Durante la prima presidenza Trump, il cerchio magico del presidente si era già aggiudicato affari lucrosi con i sauditi. E ora i legami si stringono sempre di più perché il presidente appena in carica e i sauditi condividono la comune determinazione a confermare il primato dei combustibili fossili. «Perforeremo, tesoro, perforeremo», ha esclamato Trump e nei suoi primi minuti in carica ha proclamato che avrebbe dichiarato una «emergenza energetica nazionale» per contribuire ad abbassare i prezzi. Insomma musica per le orecchie degli sceicchi petroliferi del Golfo. E questo non esclude – anzi indica come possibile – che il nuovo presidente voglia intavolare qualche trattativa con gli altri grandi produttori di petrolio e di gas naturale, come Russia, Iran e Venezuela. Non è detto che questo porterà nel breve a un alleggerimento delle sanzioni contro l’Iran, visto che Trump sostiene Netanyahu nella sua ossessione anti-Teheran, ma è chiaro che il nuovo presidente ha una spiccata predilezione per gli accordi con i Paesi petroliferi.
All’orizzonte c’è anche l’accordo con Putin. «Il nostro potere fermerà tutte le guerre e porterà un nuovo spirito di unità in un mondo», ha detto Trump, secondo il quale gli ucraini continueranno a ricevere aiuto militare solo se accetteranno di negoziare un accordo di pace con la Russia che prevede la cessione di territori. E qui si lega il discorso anche con gli europei e la Nato. Trump ha minacciato che se gli stati europei dell’Alleanza non aumenteranno i propri fondi per la difesa, gli Usa ridurranno drasticamente i loro aiuti militari. L’obiettivo è di portare al 3-3,5% del Pil le spese militari europee: una manna per le industria bellica americana. Una pressione sull’Europa che include anche la negoziazione di dazi doganali: gli Usa hanno un deficit commerciale con la Ue di 240miliardi di dollari.

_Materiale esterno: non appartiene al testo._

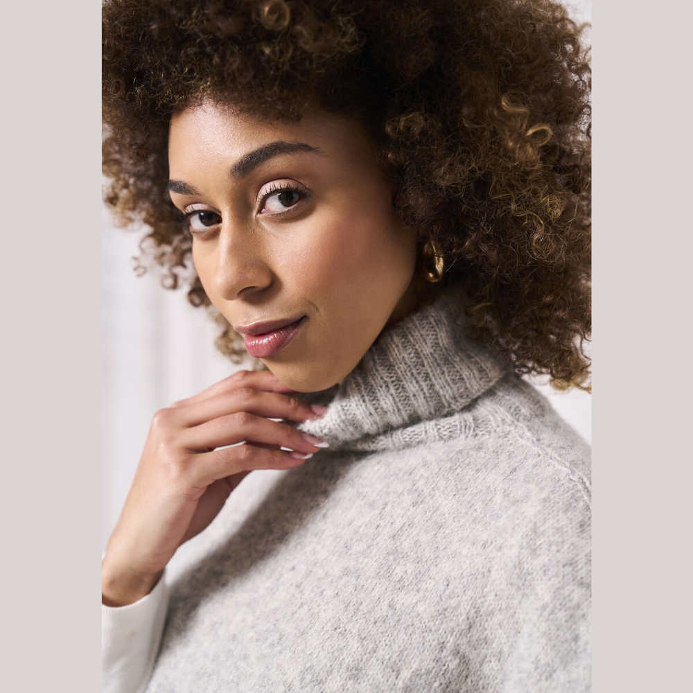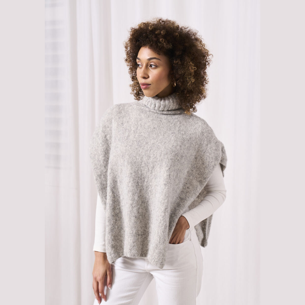 "Le poncho Lana offre une solution rapide et confortable pour se réchauffer. Cet accessoire polyvalent est idéal pour les superpositions et présente des éléments distinctifs tels que des côtés fendus, un col roulé côtelé et un corps en point de bas accentué par des bordures en point de mousse. Tricoté en coton alpaga, il allie confort et style en toute transparence."

Con Trump le cose andranno meglio o peggio che con Biden? Il nuovo presidente non è certo uno che si diffonde in temi come la “democrazia”, il “rispetto delle regole” o dei “diritti umani”. Argomenti che disprezza, come l’Onu, il diritto internazionale e le politiche di genere. È sostanzialmente un uomo d’affari – per altro dal carattere imprevedibile – che guarda al tornaconto suo, dei suoi amici e degli Usa. Ma Biden, che faceva tutti quei discorsi alati sui “valori occidentali”, non era poi così affidabile. Basta chiedere ai palestinesi massacrati a Gaza.

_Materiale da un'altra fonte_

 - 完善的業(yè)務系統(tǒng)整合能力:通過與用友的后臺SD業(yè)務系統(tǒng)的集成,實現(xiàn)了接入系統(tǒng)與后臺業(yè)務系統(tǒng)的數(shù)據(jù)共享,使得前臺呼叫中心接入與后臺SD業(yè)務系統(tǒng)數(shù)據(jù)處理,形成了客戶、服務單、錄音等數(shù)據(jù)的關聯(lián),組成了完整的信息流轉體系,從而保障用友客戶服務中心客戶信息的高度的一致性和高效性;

Già prima di Trump il mondo ha respinto l’unipolarismo Usa
Francesco Sylos Labini 22 Gennaio 2025
L’amministrazione Biden sarà ricordata per aver posto le condizioni per il ritorno di una guerra devastante nel cuore dell’Europa, per il suo supporto incondizionato a Israele e, in ultimo ma non meno importante, per l’acuirsi della guerra economica con la Cina. Il Doomsday clock, l’orologio controllato dagli scienziati atomici che simbolicamente conta il tempo che ci separa dalla mezzanotte dell’apocalisse nucleare è passato da 100 a 90 secondi dall’insediamento di Biden. La catastrofe climatica procede inarrestabile, gli Stati Uniti hanno incrementato la produzione di petrolio e gas, ma il fronte più critico è sempre quello ucraino dove si fronteggiano due potenze nucleari. La guerra provocata dall’avanzamento verso Est della Nato, come ora risulta evidente a chiunque, sembra avviarsi alla sua fase terminale. L’amministrazione Trump si troverà a gestire una sconfitta epocale, questa volta non contro un nemico asimmetrico come nel caso del Vietnam o dell’Afghanistan, ma contro una grande potenza.
La guerra in Ucraina ha prodotto una delle svolte geopolitiche più impreviste e sorprendenti della storia moderna. La Russia non ha subito una sconfitta strategica decisiva grazie al differenziale di potere e ricchezza tra questa e i paesi Nato come era stato preventivato dai supposti grandi strateghi occidentali, come Draghi. La guerra per procura degli Usa contro la Russia attraverso l’Ucraina ha mostrato che un’economia basata sulla finanziarizzazione non è più forte di un’economia basata sulle risorse naturali e sulla produzione effettiva di merci. Un conflitto ad alta intensità durato tre anni ha rivelato in termini inequivocabili che le nazioni deindustrializzate occidentali sono del tutto incapaci di vincere le guerre come anche il nuovo segretario della Nato Rutte oggi riconosce. La guerra economica, che si intravedeva all’inizio del conflitto in Ucraina, è ora il principale attore sulla scena che ha messo a nudo le debolezze non solo strutturali ma anche intellettuali, oltre che etiche e morali, dei Paesi occidentali. Trump dice che vuole trovare un’intesa con la Russia e ritirarsi dall’Europa. Non sarà così facile passare dalle dichiarazioni ai fatti, perché i russi non sembrano nella situazione di fare concessioni particolari e certamente non potranno cedere sull’ammissione dell’Ucraina nella Nato e sull’annessione dei quattro Oblast, più la Crimea, già avvenuta (ma non riconosciuta). Si tratterebbe di una débâcle militare e una catastrofe politica non facili da accettare né per l’establishment americano né per quello europeo. Purtroppo, oggi, chi vuole continuare la guerra a oltranza sembrano essere gli europei (con le eccezioni di Ungheria, Slovacchia e, in teoria, Romania!) piuttosto che la nuova amministrazione americana. L’Europa non ha mai ipotizzato una via diplomatica e il fatto che Trump metta sul tavolo questa eventualità spinge in un angolo angusto e claustrofobico le cosiddette élite europee.
Per vincere la Guerra Fredda è stato fondamentale convincere una parte significativa del mondo che la propria causa fosse legittima. Tuttavia, il mondo ha già visto cosa accade quando gli Stati Uniti raggiungono l’unipolarità: una politica estera arrogante sotto ogni amministrazione. La maggior parte dei paesi non desidera tornare a questa situazione: mentre l’Occidente ha cercato di isolare la Russia, la maggioranza del Sud Globale simpatizza con essa. La transizione verso un ordine mondiale multipolare è dunque inevitabile ed è già in essere. La guerra in Ucraina ha avuto la funzione di volano spingendo la Russia e la Cina a formare una partnership strategica apparentemente indissolubile per una convergenza di interessi: contrastare l’onnipresente minaccia americana. La domanda è quando gli Stati Uniti, e l’Europa al seguito, smetteranno di resistere a questa realtà e inizieranno a essere attori costruttivi di un nuovo mondo.